Quando transferimos informações entre domínios diferentes, ampliamos nossa
capacidade de significar as informações,
quando falamos em indisposição do mercado transferimos do MCI saúde nosso conhecimento sobre indisposições – ainda não uma doença, mas um mal estar, aviso de mau funcionamento da economia, expressão metafórica das correspondências efetuadas na mente. (...) Com as informações que são transferidas entre os domínios, construímos novos significados com relações que se processam no contexto. Fazemos corresponder significados entre itens que têm componentes semelhantes nos MCIs correlacionados.

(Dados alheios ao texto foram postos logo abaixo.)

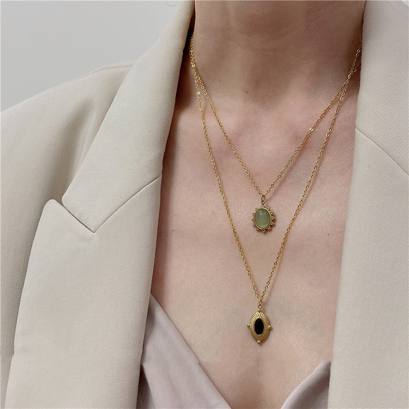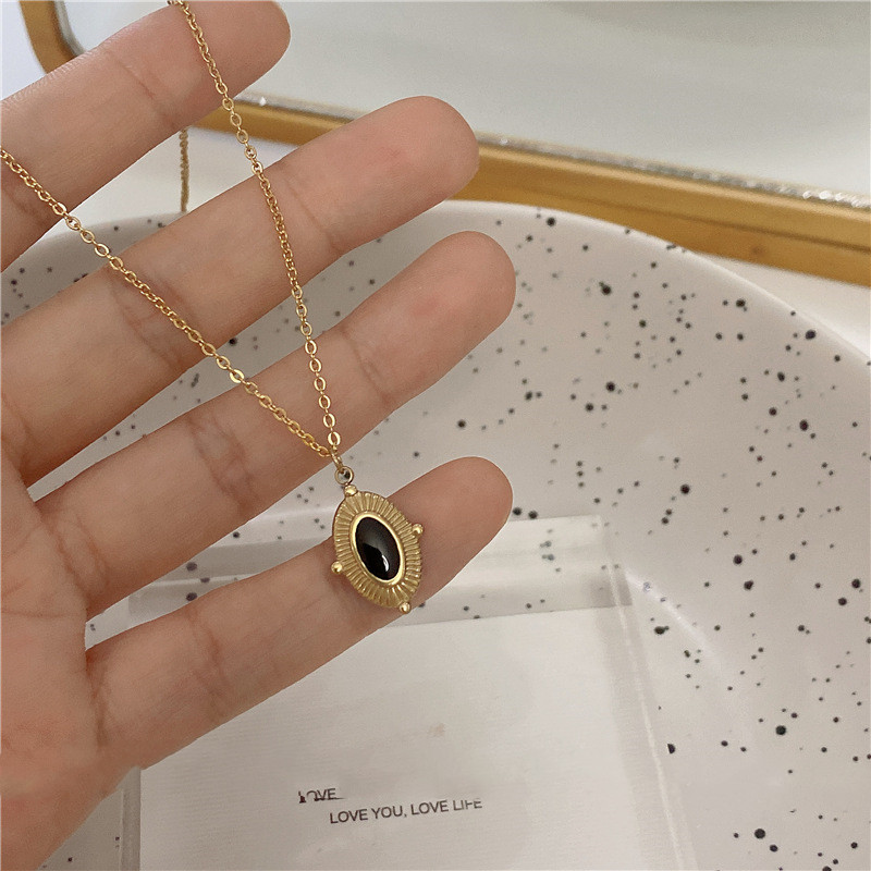 Color: 1Set: black titanium steel oval + golden titanium steel necklace,

As correspondências efetuadas podem explicar, por exemplo, processos figurativos como as metáforas e suas extensões em figuras como analogias, comparações, personificações, hipérboles, eufemismos. (Chiavegatto, 2009, p.89)
Entretanto, é necessária muita cautela ao se fazer uso de metáforas, e ao se elaborar um
texto descritivo/interpretativo de imagens que serão lidos por deficientes visuais. Estes
cuidados devem ser observados
quando acontecem correspondências com deslocamentos entre significações de itens que pertencem ao mesmo domínio, explicamos as metonímias e as figuras que lhe são assemelhadas, como a catacrese, a sinédoque, ou seja, as que envolvem parte pelo todo, continente pelo conteúdo, autor pela obra, causa por consequência e as outras relações que envolvem transferências de sentido entre termos que compartilham o mesmo domínio, como por exemplo, no clássico exemplo do domínio de livros, quando nos referimos à obra pelo autor. (Chiavegatto, 2009, p. 89)
A teoria dos espaços mentais também pode dar conta da interpretação de algumas
expressões idiomáticas e gírias. Ao explicar esses termos, experiências concretas
contribuem para o entendimento de conceitos abstratos compartilhados socialmente.
Percebam que em “Tsunami de esgoto em Niterói foi provocada por erro em projeto”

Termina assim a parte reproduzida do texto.